Unfortunately there are another things in this patch (separating them is not easy): support for wm attr -contexthelp (uses virtual <<Help>> event, no need to worry about event mask bits exhaustion); support for wm attr -shadow (recreates wrapper window with CS_DROPSHADOW).
To complicate things even more, this patch includes tkUnixRFont update for -underline and -overstrike support in Xft backed. This part can be separated :)
I would like to see something done in this direction: while we can live without improvements, though they're discussed and accepted long ago, the bugs addressed by this patch are really annoying. E.g. a user does Menu->File->Open, and his file-selecting click goes directly to toolbar->New file :(
Should I simply commit this whole thing myself? If it's unacceptable, can anyone provide the directions for refactoring it? Maybe I should wait 4 more years..
Multi-purpose patch:fixes bug#1391053, adds wm attrs., etc.
Megapatches cause indigestion. Raising prio so that it's more likely to be reviewed soon. (No time to look now...)
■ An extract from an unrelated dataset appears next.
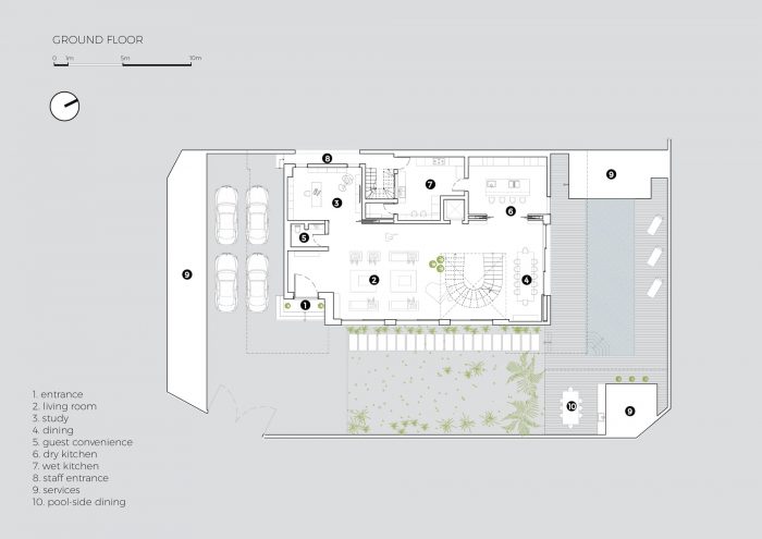 客户的要求是在三分之二的标准地块上设计一个有五间套房的智能可持续发展意识的住宅,有两个客厅、一个书房、一个游泳池、支持服务和娱乐的场地。该地块向东开放,因此,该住宅的设计方向是所有房间都能接受朝东的自然光,这对住宅的功能至关重要。自然光的温和扩散,加上高高的天花板和高大的窗户,使空间感觉更大,更通风,更有活力。开放式的生活,视线贯穿于底层的程序化空间,也使家庭有一个自由流动的、开放的、舒适的空间来召集和互动,轻松地流向室外的生活空间和游泳池,使住宅的室内和室外空间无缝流动,这是拉各斯热带气候的一个重要好处。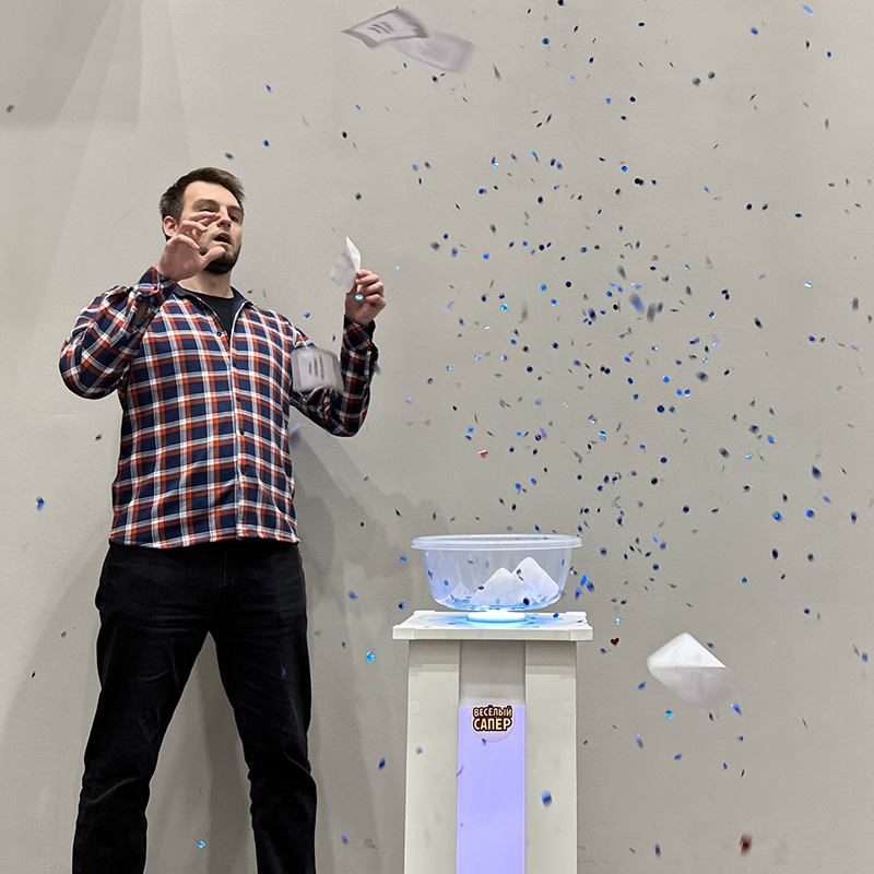 Взрыв-чаша — уникальный аттракцион, созданный для телевизионных шоу Hollywood Game Night и «Подмосковные вечера». Переводит обычные игры и викторины в разряд захватывающих приключений с элементом неожиданности. Таймер усиливает напряжение, а финальный «взрыв» радует зрителей яркой вспышкой эмоций.

P.S. Maybe NOBUTTONEVENTS_MASK added by this patch should be made public (not tkInt.h). We need some way for extensions to implement modal dialogs on Windows correctly. E.g. TDBC datasource selection dialog should call Tcl_SetServiceMode before/after dialog invocation, and it will need a solution similar to EatSpuriousMessageBugFix(). At least, this patch makes correct implementation possible at all.
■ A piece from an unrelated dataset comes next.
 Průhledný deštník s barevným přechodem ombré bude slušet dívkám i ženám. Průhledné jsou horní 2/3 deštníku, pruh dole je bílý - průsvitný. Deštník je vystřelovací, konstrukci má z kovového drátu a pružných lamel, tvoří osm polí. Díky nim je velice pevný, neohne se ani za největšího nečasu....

You should not mix functionality in a single patch. This patch needs to be broken into individual pieces that fix one thing at a time. That way, if/when later we try to identify when some new issue was created we can isolate the specific change. It is also much harder to review such multi-function patches.
I know from previous testing that the contexthelp patch had problems. Dropshadow is a different thing too.
You need to use something like git or quilt or learn to apply and revert patches. before I started to use git I used to maintain a number of patches and apply them (patch -p0 < feature.patch), work on them, regenerate the patch (cvs diff > feature.patch) and revert it (patch -p0 -R < feature.patch) to switch to some other task.
Another option is to use multiple Tk sandbox checkouts to isolate the work.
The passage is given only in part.